Booths close in 14 days. You may change your vote within this period

Juices in alphabetical order.

Links for voting in the other categories:

BREAKFAST
MENTHOL and MINT
DESSERT
TOBACCO
BAKERY
BEVERAGE

Reactions: Like 1 | Winner 1


----------



## Mark Beetge (3/7/17)

BLACKOUT-SICKBOY77 FOR THE WIN.

Reactions: Thanks 1


----------



## wikus (3/7/17)

Mark Beetge said:


> BLACKOUT-SICKBOY77 FOR THE WIN.


Where can i buy some to try it out?


----------



## Strontium (3/7/17)

Not released yet

Reactions: Like 1 | Thanks 2


----------



## wikus (3/7/17)

Strontium said:


> Not released yet


So how can someone vote for it then?

Reactions: Like 1 | Agree 2


----------



## Strontium (3/7/17)

wikus said:


> So how can someone vote for it then?


No clue

Reactions: Like 1


----------



## Andre (3/7/17)

wikus said:


> So how can someone vote for it then?


I believe there was a substantial pre-release @wikus. Official launch detailed here.


----------



## DangerDave (3/7/17)

Andre said:


> I believe there was a substantial pre-release @wikus.
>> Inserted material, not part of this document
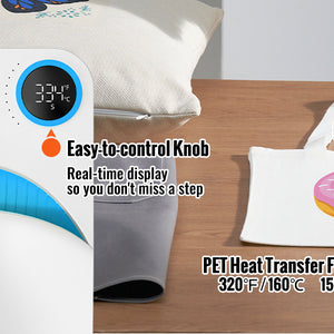 Knobs That Work with You: Rotate the knob to the right to set the temperature and rotate it to the left to set the time. Compared with old-style heat presses, our portable heat press comes with 9 LED indicators and a large digital display, providing an at-a-glance summary of the temperature and time state. Enjoy every operation and process confidently. This is your time to relax!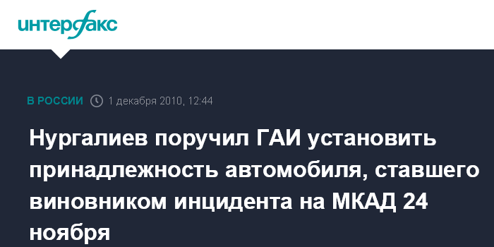 Нургалиев поручил ГАИ установить принадлежность автомобиля, ставшего виновником инцидента на МКАД 24 ноября

Official launch detailed here.



Hahahaha then the only votes that Blackout can get are from the lucky guys who got samples? Surely it would be fairer to the other juice makers to only have juices that are readily available?

Reactions: Like 1 | Agree 7


----------



## wikus (3/7/17)

One more thing isn't XXX and Trinity ICE supposed to be in the MENTHOL group only?
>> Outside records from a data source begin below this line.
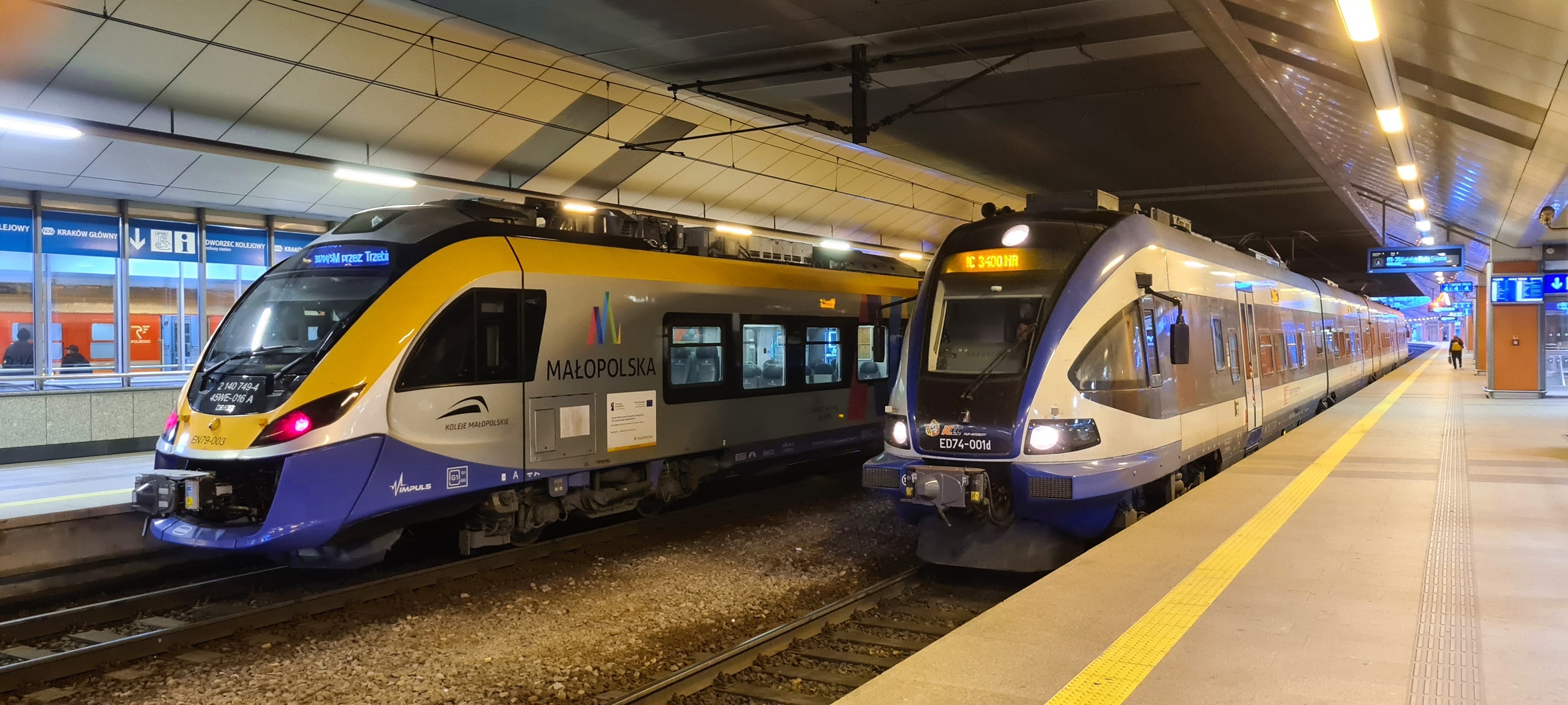 2026, 2026-03-22, Marzec, Marzec2026, Małopolska, Malopolskie, Kraków, KrakówGłówny, PKP, PKPIC, ED74-001, PESA, Edyta, 16WE-10, ED74, Bydgostia, EZT, EMU, jednostka, ZNTKMM, IC3400, Żylica, Newag, Impuls, Jednostka, KMŁ, KolejeMałopolskie, EN79, EN79-003, 45WE, 45WE-016, KML30704/5, 30704/5, 30704, 30705, SKA3, SKA |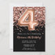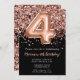 4th Birthday Invitation Black Rose Gold Glitter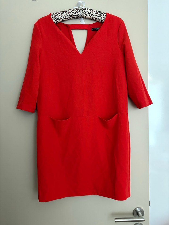 Kırmızı v yaka sırt detaylı cepli kısa kollu astarlı. Salaş kesimi ve drapeli detayı ile midi boyda, parlak görünümü romantik akşamlar için uygun. ❤️ #mango #mangoelbise #kırmızıelbise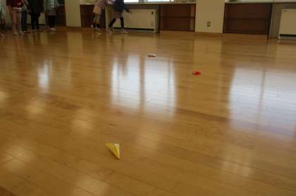 今回は誕生日集会係が「紙ひこうき大会」を開きました。一人一機作った紙ひこうきを一番遠くまで飛ばせた人が優勝です。いくつも作って試した子やクロームブックを使って遠くまで飛ばせる紙ひこうきの作り方を調べてきた子もいました。
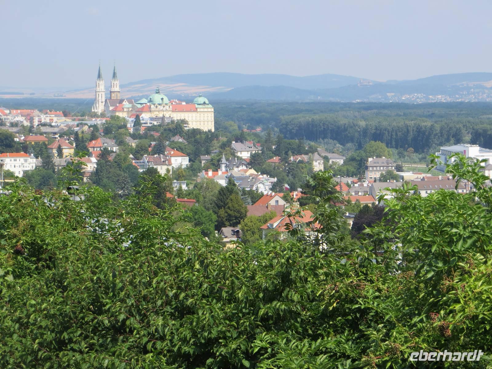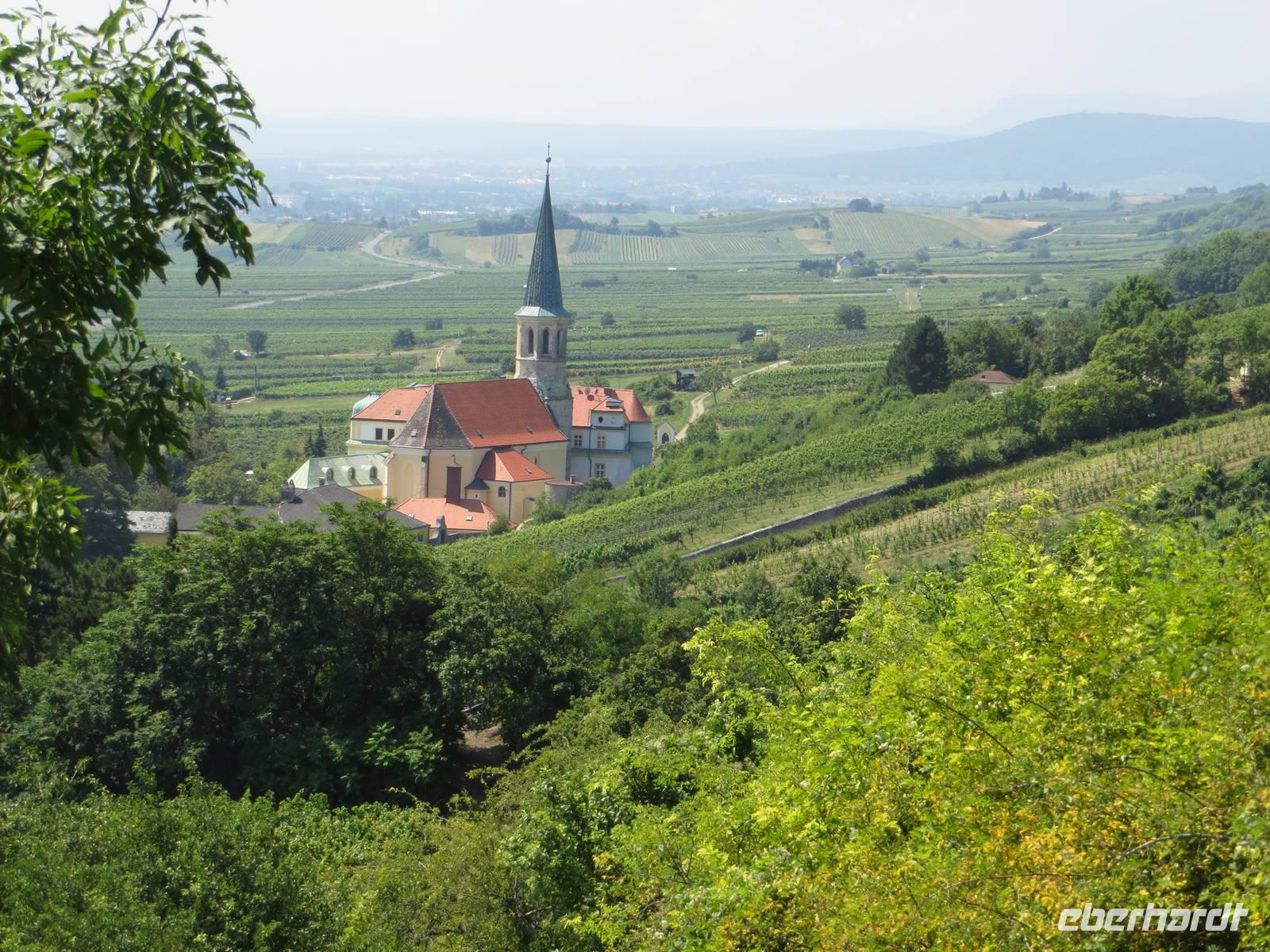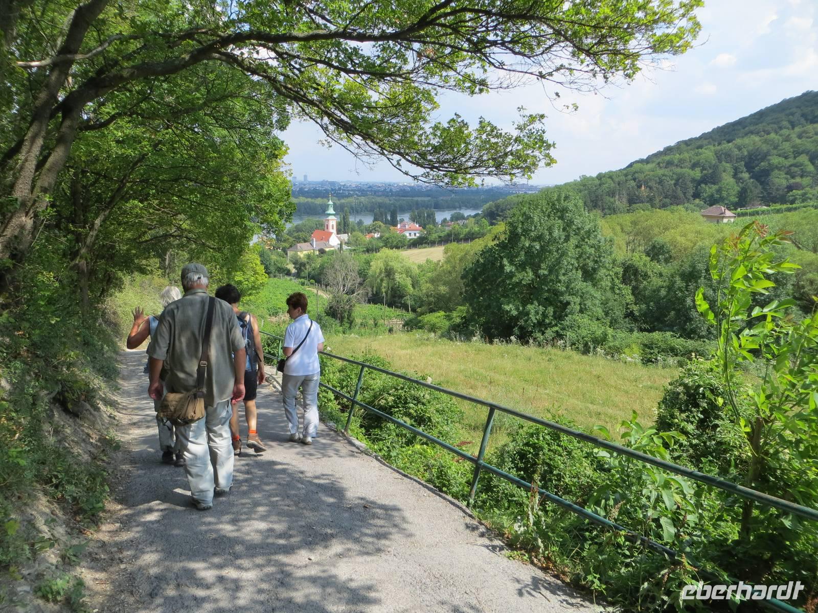 Die meisten trafen sich dann doch zum fakultativen Reiseleiterangebot einer Stadtwanderung von Klosterneuburg nach Wien-Nussdorf. Mit Wiener U- und S-Bahn fuhren wir nach Klosterneuburg und steigen auf zum weithin erkennbaren Stift. Auf der Gasse nach Weidling sahen wir erstmals was es an Winzerhöfen heißt: „ausg'steckt ist". Noch war es aber zu zeitig für ein Viertel; also stiegen wir auf zum Leopold- und Kahlenberg. Die Berge begrenzen im Westen Wien und sind die nördlichsten Ausläufer des Wienerwaldes. Hier oben, in der unmittelbaren Nähe eines großen Hochseilgartens, rasteten wir bei all den gastronomischen Freundlichkeiten der schnellen Wiener Küche: Leberknödelsuppe, Sacherwürstchen, Marillenknödel usw. Nach einer Aussicht auf Wien im trüben Hitzelicht, folgten wir dem Rat des Kneipers beim Abstieg. Durch schattiges Holz erreichten wir bei dreißig Grad Kahlenbergerdorf gerad pünktlich zum Kirchturmglockenschlag und der Öffnung einer Heurigenwirtschaft. Kellerwarm kann doch recht warm sein, aber nett war es doch im Innenhof der Winzerei. Der Abstieg führte uns dann schneller als gewollt an die Donaustraße, weiter nach Nussdorf und - wegen des ÖPNV-Tarifs - nach Heiligenstadt. Dreizehn Kilometer waren es dann auch, die wir auf der Stadtwanderung hinauf und hinab wanderten.

Reactions: Like 1 | Agree 1


----------



## incredible_hullk (3/7/17)

wikus said:


> Where can i buy some to try it out?



We not in the in group to be part of a substantial pre release @wikus

Reactions: Like 1 | Agree 2


----------



## incredible_hullk (3/7/17)

Andre said:


> I believe there was a substantial pre-release @wikus. Official launch detailed here.



@Andre may I ask when the voting closes? I wanna see if I can get a bottle of blackout and see if a change of vote is needed


----------



## Nailedit77 (3/7/17)

incredible_hullk said:


> @Andre may I ask when the voting closes? I wanna see if I can get a bottle of blackout and see if a change of vote is needed


Pm me


----------



## Scott (3/7/17)

Mark Beetge said:


> BLACKOUT-SICKBOY77 FOR THE WIN.


Krypton Fusion to win.

Reactions: Like 2


----------



## Deckie (3/7/17)

I'm lost here. How can one vote for a juice that's not readily available yet? Surely it can't be on the list! @Sickboy77 where can I buy Blackout so that I may try it out? Thanks in advance.


----------



## Kuhlkatz (3/7/17)

incredible_hullk said:


> @Andre may I ask when the voting closes? I wanna see if I can get a bottle of blackout and see if a change of vote is needed


14 days.. Check post #1

EDIT - Might need to scroll down, as the link seems to go to the vote, not the actual post.

Reactions: Like 1 | Thanks 1


----------



## Nailedit77 (3/7/17)

I really don't understand what all the fuss is about... I sent out plenty samples to ppl around the country. If this is causing issues @Andre pls remove Blackout from the lists. 
Launch is on the 15th July, @Silver sorry for posting this here. Just think all of this is silly, my 5c


----------



## DangerDave (3/7/17)

Sickboy77 said:


> Pm me


Me too!


----------



## Rob Fisher (3/7/17)

Sickboy77 said:


> I really don't understand what all the fuss is about... I sent out plenty samples to ppl around the country. If this is causing issues @Andre pls remove Blackout from the lists.
> Launch is on the 15th July, @Silver sorry for posting this here. Just think all of this is silly, my 5c



There is no fuss @Sickboy77! You asked permission and was granted by the judge... if anything you are at a big disadvantage because of it.


----------



## Nailedit77 (3/7/17)

Rob Fisher said:


> There is no fuss @Sickboy77! You asked permission and was granted by the judge... if anything you are at a big disadvantage because of it.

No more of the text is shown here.